Although it is now only a municipal district under the city of Guangzhou, Panyu has opened the two thousand years of Lingnan civilization. She is located at the junction of the rivers and seas at the mouth of the Pearl River in the city of Guangzhou. The unique geographical environment makes it \"have mountain tea, have water to fish, have grass to herd, have fields to eat \".
And in recent years, Panyu housing prices have been rising, each determined to move from the CBD to Panyu living in Guangzhou, under the guise of \"escape from the urban area \", coveted Panyu everywhere food. As the population and restaurants in Panyu continue to grow, the late rush hour of several fast roads connecting the city's urban areas is beginning to get crazy, and it is said that 80 per cent of people who are stuck on the road will consider a long traffic jam:
Mud carp meat tender, but because of bone spines, inconvenient to eat, quite Zhang Ailing \"hate shad many thorns\" regret. However, this is precisely the achievement of the panyu chefs \"make the best use of\" innovation stage, qing dynasty, a sweet fragrance \"city bridge white sale\" came into being.
According to historical records, a chef in the teahouse found that the traditional roast pork stuffing is not enough, simply local materials, instead of fish, the mud carp after peeling off the bone, the fish into glue, and then mixed with wax, shrimp, tangerine peel, pepper, fish antler skin and other stuffing, and then take white mud carp gum as the skin made a white sweet fish meat burning, because of its white color, and pork burning to buy, named \"the city bridge white sell \",\" is still popular in the old teahouse in Panyu.
And Cantonese eat fish, in addition to taste good, also pay attention to the taste of dishes, the demand is a whole fish. Panyu people and Shunde people next door \"fried mud carp,\" the mud carp carefully scraped bone, get a complete fish skin, fish antler mixed with cilantro, dachshund, tangerine peel and then re-plug back, cleverly\" whitewash Taiping \"let the mud carp look nothing. After a heavy high-temperature oil fry, a variety of ingredients to push the taste of fish to the top of the delicious, the taste also really reached the outside Jiao Li Nen, dace from the inside to the outside of the reborn. A seemingly ordinary restaurant home dishes, eat to know Panyu taste is not ordinary.

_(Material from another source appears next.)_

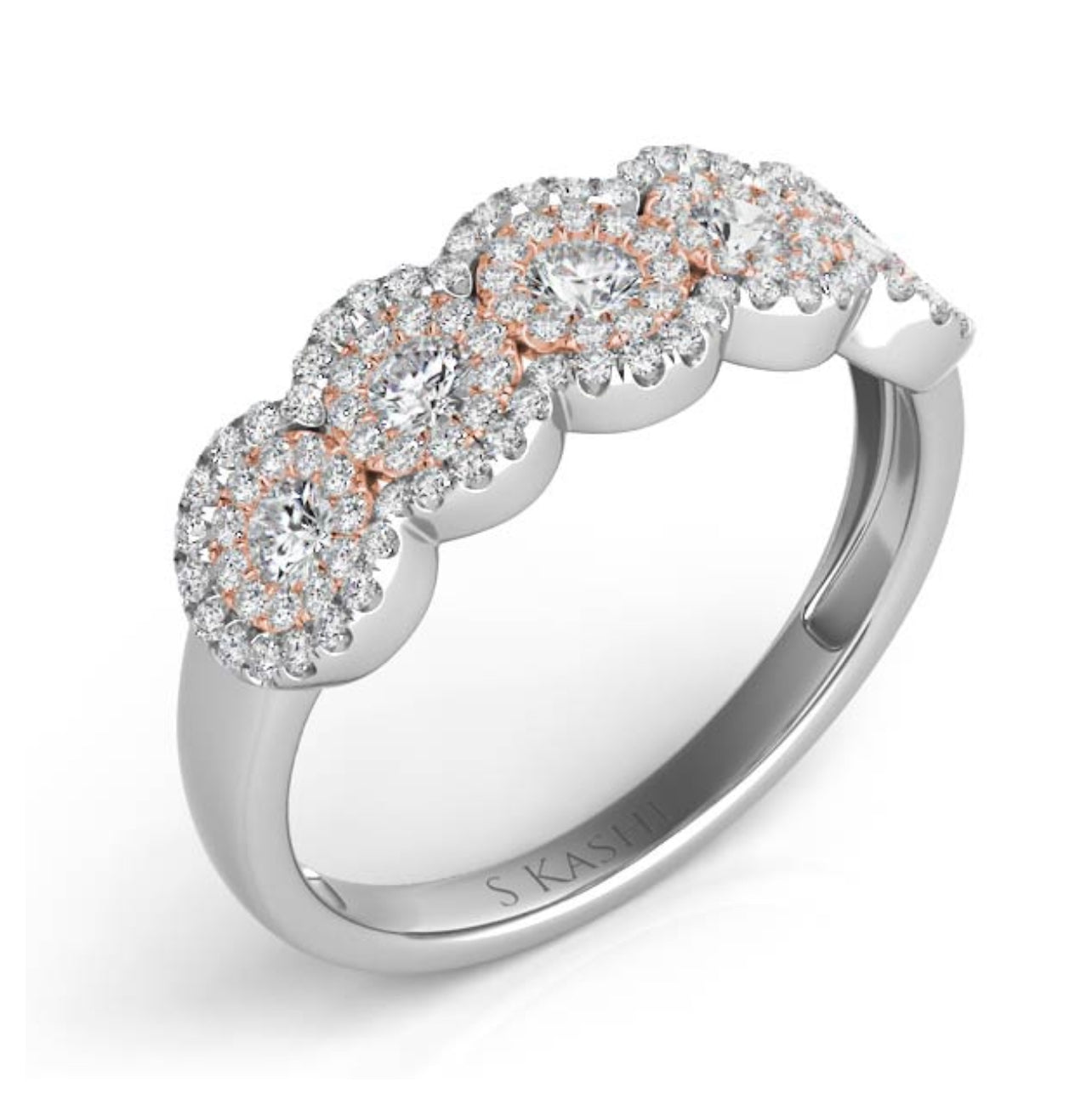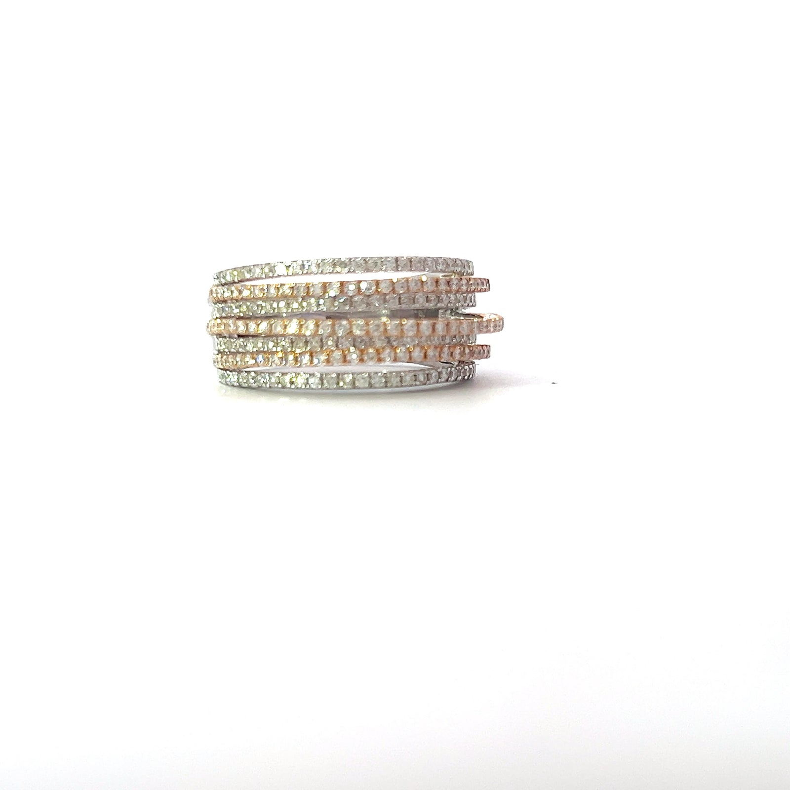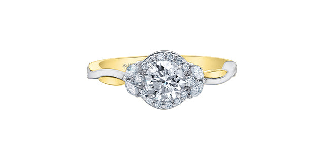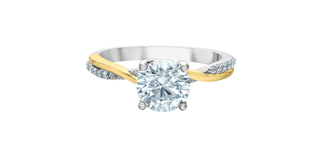 Anillo de diamantes redondos de talla brillante cultivados en laboratorio de 1,60 quilates de oro blanco y amarillo de 14 quilates
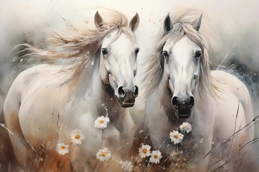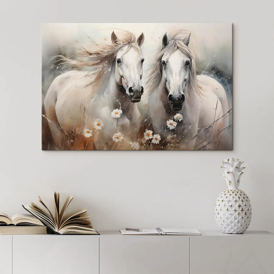 Stel je voor dat je een kamer binnenloopt en begroet wordt door dit verbluffende canvas – twee majestueuze paarden, hun manen wapperend alsof ze door een zacht briesje draven. Maar wacht, er is meer – heldere, delicate bloemen voegen een vleugje charme toe, als confetti van de natuur zelf. Het is alsof ze zeggen: “Hé, het leven is een wilde rit, maar stop en ruik de madeliefjes!”. Perfect om een vleugje drama en eigenzinnigheid toe te voegen, dit kunstwerk vangt beweging, gratie en een vleugje wilde schoonheid. Een zekere gespreksstarter die ziel toevoegt aan elke ruimte.

There's also a \"climb up the golden hill\" that even endures a back-and-forth jam for two hours, the most \"tricky and fun\" way for dace fish to eat in panyu. The sashimi is piled into a \"hill\" shape, with lettuce underneath it, placed in the middle of an iron plate surrounded by a pot of hot water, and diners scoop it up from the bottom of the fish, and the fish rolls over two rounds of sauce after a few seconds of rinsing, accompanied by a hot white smoke inlet, and the delicious fresh flavor of the fish reaches a new level.
Lao Guang attaches great importance to the implication of the dishes auspicious, climb (grilled) Jinshan also so eat the image of the name, the so-called \"Jinshan climb, prosperity and prosperity \", delicious can also earn the good thing, how can it not be worth the Guangzhou people traffic jam two hours to come?
Panyu has a unique natural environment, located at the junction of salty and light water, salty about 14 degrees of water quality, extremely suitable for fish survival, so that panyu fishing is particularly rich, different seasons to panyu can eat not heavy surprise.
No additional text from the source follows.